TASK PROMPT
The following data has a line with "大码复古破洞牛仔裤女夏季高腰显瘦宽松百搭垂感直筒阔腿拖地裤子" and a line with "Inclusive de l’encadrement, cette". Write out exactly those lines and all the lines between them.

Dataset entries
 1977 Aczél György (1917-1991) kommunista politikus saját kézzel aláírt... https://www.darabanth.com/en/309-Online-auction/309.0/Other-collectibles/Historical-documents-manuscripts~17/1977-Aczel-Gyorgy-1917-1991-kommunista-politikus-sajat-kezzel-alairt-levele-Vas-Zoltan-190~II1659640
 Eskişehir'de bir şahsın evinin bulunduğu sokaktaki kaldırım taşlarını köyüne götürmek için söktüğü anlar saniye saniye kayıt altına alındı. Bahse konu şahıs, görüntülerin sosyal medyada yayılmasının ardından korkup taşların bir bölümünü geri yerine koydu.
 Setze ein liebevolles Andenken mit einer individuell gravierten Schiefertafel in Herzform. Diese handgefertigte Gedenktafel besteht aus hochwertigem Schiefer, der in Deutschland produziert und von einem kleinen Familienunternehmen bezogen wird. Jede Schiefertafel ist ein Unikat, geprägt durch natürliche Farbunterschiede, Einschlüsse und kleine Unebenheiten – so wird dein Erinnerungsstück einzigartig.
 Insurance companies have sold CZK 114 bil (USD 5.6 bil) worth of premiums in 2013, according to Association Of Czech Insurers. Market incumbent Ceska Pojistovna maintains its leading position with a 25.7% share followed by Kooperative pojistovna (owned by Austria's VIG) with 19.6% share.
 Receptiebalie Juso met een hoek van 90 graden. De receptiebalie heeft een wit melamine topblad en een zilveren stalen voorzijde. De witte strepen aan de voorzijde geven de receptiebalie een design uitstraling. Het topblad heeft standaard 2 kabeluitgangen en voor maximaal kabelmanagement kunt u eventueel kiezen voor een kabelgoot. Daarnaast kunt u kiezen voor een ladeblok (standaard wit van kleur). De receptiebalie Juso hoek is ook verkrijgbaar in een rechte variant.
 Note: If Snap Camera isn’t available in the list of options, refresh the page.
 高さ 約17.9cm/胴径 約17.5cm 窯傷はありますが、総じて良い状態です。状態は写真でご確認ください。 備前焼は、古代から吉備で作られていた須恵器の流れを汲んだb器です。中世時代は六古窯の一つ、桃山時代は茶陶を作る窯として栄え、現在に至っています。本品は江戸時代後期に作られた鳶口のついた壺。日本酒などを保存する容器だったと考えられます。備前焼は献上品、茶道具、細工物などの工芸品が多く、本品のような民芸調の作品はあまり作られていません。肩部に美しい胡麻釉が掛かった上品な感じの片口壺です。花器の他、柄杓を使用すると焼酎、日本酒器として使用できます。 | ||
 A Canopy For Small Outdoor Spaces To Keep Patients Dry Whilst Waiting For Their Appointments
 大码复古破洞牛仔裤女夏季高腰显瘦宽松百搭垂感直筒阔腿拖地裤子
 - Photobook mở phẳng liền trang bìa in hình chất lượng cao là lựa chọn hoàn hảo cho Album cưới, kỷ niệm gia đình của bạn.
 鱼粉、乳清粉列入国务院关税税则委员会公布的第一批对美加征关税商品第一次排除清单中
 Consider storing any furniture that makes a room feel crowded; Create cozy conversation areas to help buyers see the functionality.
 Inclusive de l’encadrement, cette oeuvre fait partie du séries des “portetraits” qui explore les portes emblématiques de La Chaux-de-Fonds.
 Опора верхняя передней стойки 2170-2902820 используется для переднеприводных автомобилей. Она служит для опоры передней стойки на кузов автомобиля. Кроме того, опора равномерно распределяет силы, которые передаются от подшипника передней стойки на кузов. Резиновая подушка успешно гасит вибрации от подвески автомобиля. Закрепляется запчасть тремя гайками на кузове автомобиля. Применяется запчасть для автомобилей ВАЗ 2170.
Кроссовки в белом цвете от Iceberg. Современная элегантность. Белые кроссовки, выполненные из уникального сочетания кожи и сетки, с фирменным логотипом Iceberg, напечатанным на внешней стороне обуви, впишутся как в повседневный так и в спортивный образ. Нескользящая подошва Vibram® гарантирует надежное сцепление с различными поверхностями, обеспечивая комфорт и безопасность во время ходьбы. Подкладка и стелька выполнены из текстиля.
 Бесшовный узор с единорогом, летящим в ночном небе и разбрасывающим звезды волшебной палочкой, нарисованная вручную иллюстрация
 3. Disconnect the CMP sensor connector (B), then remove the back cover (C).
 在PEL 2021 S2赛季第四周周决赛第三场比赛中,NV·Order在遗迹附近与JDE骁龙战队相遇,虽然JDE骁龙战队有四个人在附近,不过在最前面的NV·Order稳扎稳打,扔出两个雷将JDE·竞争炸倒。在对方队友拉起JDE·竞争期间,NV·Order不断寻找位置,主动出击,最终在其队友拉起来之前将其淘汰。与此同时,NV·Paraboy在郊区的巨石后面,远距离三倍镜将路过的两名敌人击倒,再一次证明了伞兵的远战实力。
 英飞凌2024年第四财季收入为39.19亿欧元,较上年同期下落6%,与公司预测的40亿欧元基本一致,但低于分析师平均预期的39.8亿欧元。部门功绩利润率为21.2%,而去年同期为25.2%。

YOUR RESPONSE
 大码复古破洞牛仔裤女夏季高腰显瘦宽松百搭垂感直筒阔腿拖地裤子
 - Photobook mở phẳng liền trang bìa in hình chất lượng cao là lựa chọn hoàn hảo cho Album cưới, kỷ niệm gia đình của bạn.
 鱼粉、乳清粉列入国务院关税税则委员会公布的第一批对美加征关税商品第一次排除清单中
 Consider storing any furniture that makes a room feel crowded; Create cozy conversation areas to help buyers see the functionality.
 Inclusive de l’encadrement, cette oeuvre fait partie du séries des “portetraits” qui explore les portes emblématiques de La Chaux-de-Fonds.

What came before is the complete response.